La partie durait des heures, ils étaient totalement imergés dans le jeu et je finis par aller dormir dans le canapé, aux cris de “c’est Brendan qui devait retenir les Orques!”, “Il nous a trahi!” (et ils ne rigolaient pas du tout, au cours d’une partie, l’un d’eux trahit les autres pour gagner, Benedict accusa le Maître du Donjon de l’avoir su et laissé faire, et il fit la gueule à tout le monde pendant deux mois).

Mon récit n’est peut-être pas très clair, parce que dès que je me rendis compte qu’il s’agissait d’une sorte de lutte de volonté entre eux, et qu’une proportion importante de joueur prenait le jeu totalement au sérieux, je n’eus plus du tout envie de jouer, et je m’en désintéressai.

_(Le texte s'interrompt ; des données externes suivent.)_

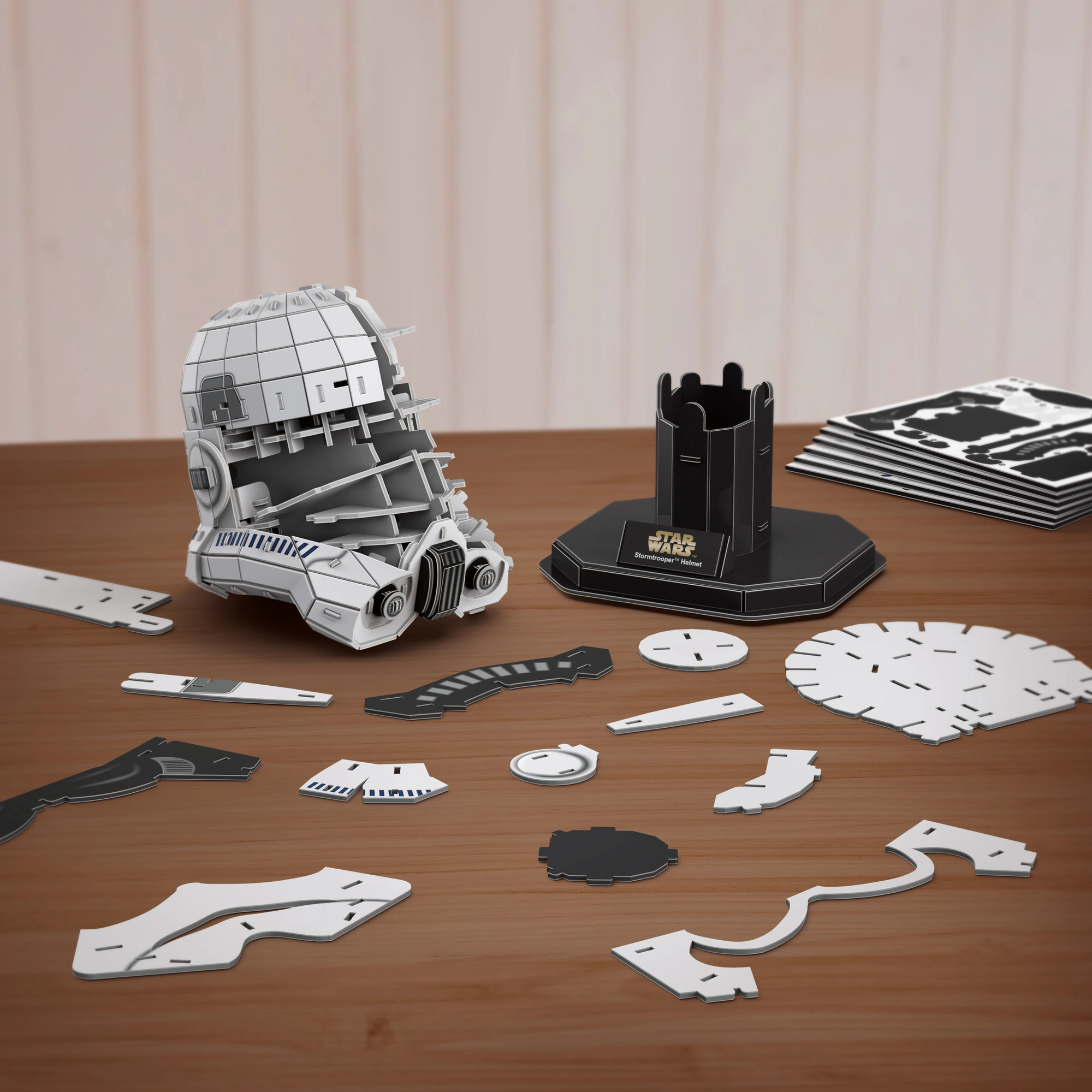 Denne nøje designede 3D-model af en Stormtrooper-hjelm vil begejstre enhver Star Wars-fan. Sættet indeholder 121 forududskårne dele på 6 ark, som nemt trykkes ud og samles efter den overskuelige vejledning. Resultatet er en kompakt model på 12 × 12 × 16 cm med stander og navneskilt til en imponerende udstilling.

Mais, durant la période où Benedict faisait la gueule, Laurent proposa de me créer une petite aventure parallèle, le temps que mon personnage prenne des forces (plus on joue, plus on est fort). J’acceptai, plus trop emballée, mais pourquoi pas.

Comme je l’ai dit, il essaya trois fois, et je mourus trois fois. Je crois que je n’avais pas la fibre joueuse. Je m’en foutais. Laurent fomentait des aventures complexes, avec des personnages mystérieux surgissant dans la nuit sombre, et je ne me méfiais de rien. Mais c’est pas possible d’être poire comme ça, s’écrait-il énervé (alors que dans la vie il était plutôt pacifique). Les méchants étaient répérables à de petits signes que je ne repérais pas du tout. Je me faisais avoir en beauté.

Voilà, c’est ainsi qu’une grande carrière d’elfe loyale bonne ne s’ouvrit jamais à moi. Pourtant j’étais motivée (au début). Mais je garde un très bon souvenir de cette période : pendant qu’ils jouaient en s’engueulant, je regardais des films de SF à la télé, en m’endormant à moitié dans le canapé.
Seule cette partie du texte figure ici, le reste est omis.